For Hyper-V there is the cluster shared volume,
so the disks are connected and presented to both hosts in the cluster,
so that means I have both servers connected
and access the storage at any time.
Then I created the VMs, which is denali on the left,
and I have a second VM on the right called denali B
with an AlwaysOn connection between them,
so if I lose the database or decided to fail over,
the database on the denali A would be failed over to denali B,
but in this case, I want to do maintenance on the first node—
on the left side—I want to take it down for maintenance
or I want to apply service pack or anything,
so because I don't want to lose the availability of SQL—
in this case, denali A VM,
I want to initiate the live migration.
Live migration will allow me to take the whole VM from the host on the left
and move it to the right without losing connection
between the SQL instance and the application.
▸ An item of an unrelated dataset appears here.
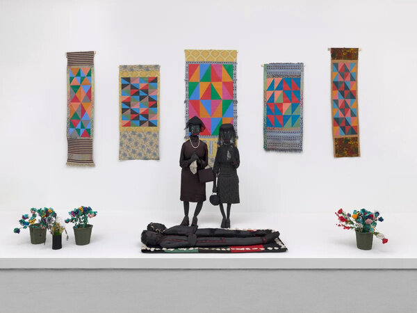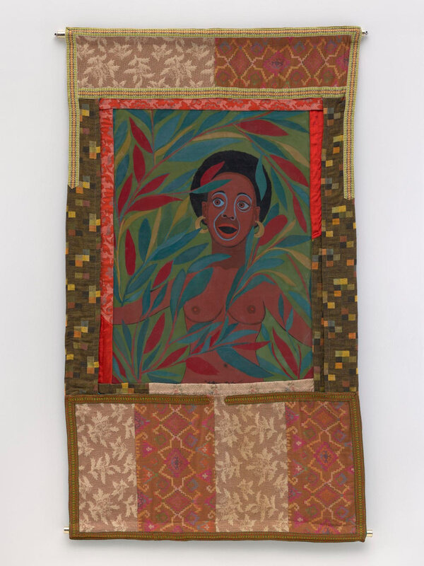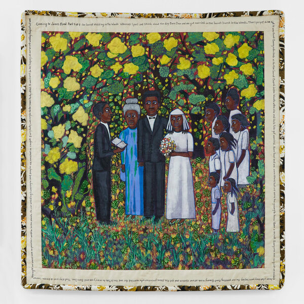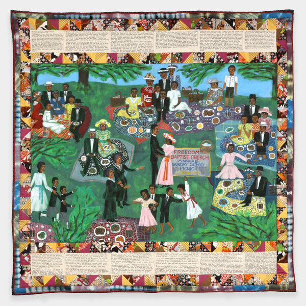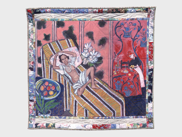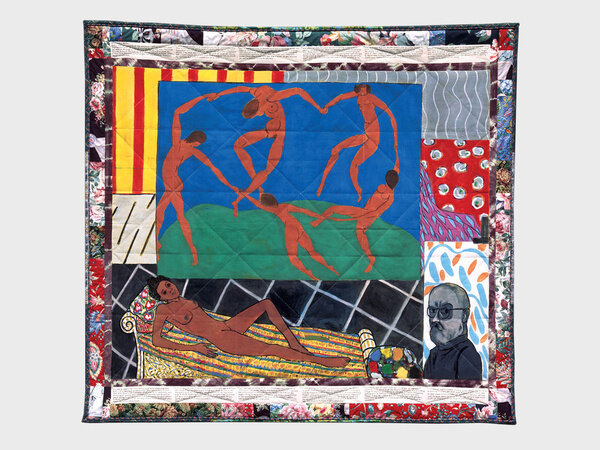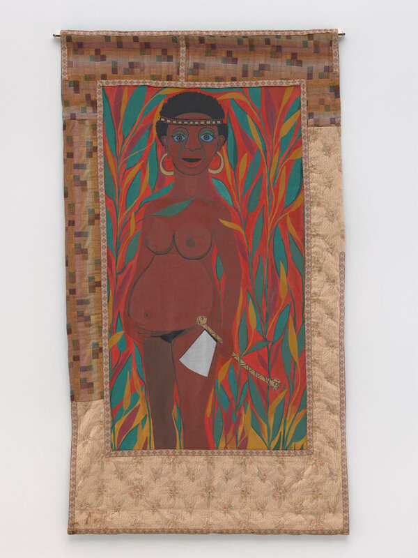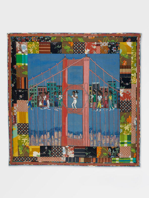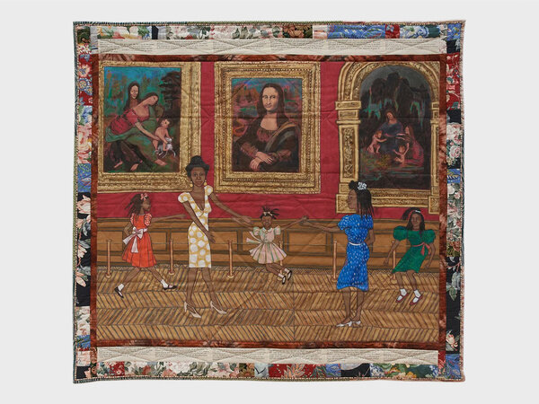 Ringgold’s desire to overcome the predominantly white art historical tradition led her to search for forms more suitable for the exploration of gender and racial identity, forms she found during her travels abroad in the 1970s, first to Europe and then to Africa. The soft sculptures, masks and unstretched canvases adorned with sewn fabric borders—inspired by Tibetan thangkas, which Ringgold called ‘tankas’—were the result of these exploratory trips and each would influence the creation of her quilt paintings and story quilts of the 1980s and 1990s. Her first quilt painting, Echoes of Harlem (1980), was made in collaboration with her mother, Madame Willi Posey, a prominent fashion designer in Harlem. From there, Ringgold went on to make her first story quilt, Who’s Afraid of Aunt Jemima? (1983), which, through its combination of European painting convention and the written word with the rich tradition of African-American quilt-making, would serve as a template for those to come. Regularly referencing her autobiography within episodes from the collective history of Black life in America, the story quilts are disarmingly intimate yet historically grand. They demonstrate the fundamental relation between the personal and the political that Ringgold’s art always understood.

So with live migration—how it works—
first thing it does—it copies the contribution data
from the VM on the left
and prepares the placeholder to the host on the right side.
So what that's done now—
the application still connected to denali on the left,
but it's preparing the new VM
to be migrated to the right node.
First thing, copy the contribution data.
Second it will copy the memory,
so everything on the memory on node A
will be copied to the new VM
on the right side.
Once the memory copied, it will go through a memory sync process.
Make sure that everything on the left node syncs with the right node.
Keep in mind SQL is still writing to the same storage
that the other nodes still see.
That's why there's no physical disk failover
when I do the live migration.
So now once that's done,
the last part is going to go switch the connection of the client
redirected to connect the VM on the right side.
We tested this, and it actually works perfect with no connectivity lost.
The application was up and running during the live migration.
This is actually a test, not a production,
but a lot of time—every 2 or 3 years
we go through an upgrade process,
either an operating system upgrade or a hardware upgrade,
and in the past, we used to do—
we used to take advantage of database mirroring
where we can have SQL instance on the production,
and we prepare the new environment on the latest Windows operating system
or into new hardware,
using database mirroring so we can sync the databases,
and then we decide to failover,
and the new hardware become our production server.
With AlwaysOn, there's a limitation that I can't fully mix
operating systems
or I can't mix different clusters
in order for me to do the live migration.
So in our scenario, current production in Windows 2008 R2
with AlwaysOn VM sits on the host on the left side,
but we really want to move to Windows 2012 operating system
on a different hardware.
So in order to do this
Microsoft SQL Server 2012 SP1—
Microsoft produced, actually, a new feature
in SQL 2012 SP1
that will allow us to connect 2 different clusters together
to do the AlwaysOn,
and then you can do the switch or the failover
in a way to the right side.
So the way we did it—
as I said, the left side is the current environment.
We introduced the new 2 VMs
with Windows 2012 cluster,
and on the right side is SQL 2012 SP1.
So on the left, as you see, it doesn't matter if it's SP1 or the RTM.
It still works.
But the right—the new instances of SQL
as to be SP1 installed,
because that's new features in SP1.
So the first thing we do is—
just to give you a definition of HA/DR
in the cluster context,
this is a feature where the cluster instance
determines which cluster managed the availability replica,
so that means on the left side,
because that's my primary—that's my production.
Then Windows 2008 R2 is my cluster context manager,
so that's how I manage my replica on that instance,
so for the 2 instances—
in order to be a part of this new cluster environment—
in order to create AlwaysOn or add them as new replicas,
I have to do—first thing—
I have to switch node 3 and 4
which are 2008 R2 SP1—
switch to come to the 2008 R2 context.
So there's a command line that's a T-SQL
that you can do that switch.
SQL Server SP1 node 3 and 4
is kind of listening or following the direction
of the 2008 R2 cluster,
which managed the metadata for the replicas,
so having that done,
now I'll be able to set the availability group
and install the new nodes, 3 and 4,
as a new replica to my existing availability group on the left side.
So this is where it will allow me to set up—
and just one thing to mention here.
If I have in my production 4 replicas—
because that's the limit—
in order to do the migration, I have to delete 2 replicas
and introduce 2 new replicas in the new cluster
so I can do the migration.
Number 2 is I'm now connected to the primary—
I added the 2 nodes as 2 new replicas.
When that's done, it's going to do the data synchronization.
Number 3,
I can go ahead and delete the listener.
The listener is always one of the virtual network names,
so the application is the virtual network name
to connect to my availability group,
so when I do failover from one node to another,
it doesn't matter where my databases lie,
so it is really still connected to that virtual network name.
Because I want to switch that virtual network name to the new cluster—
so the first thing I have to do is I have to delete that virtual—the listener,
which is the virtual network name.
Number 2 is I have to take my availability group offline.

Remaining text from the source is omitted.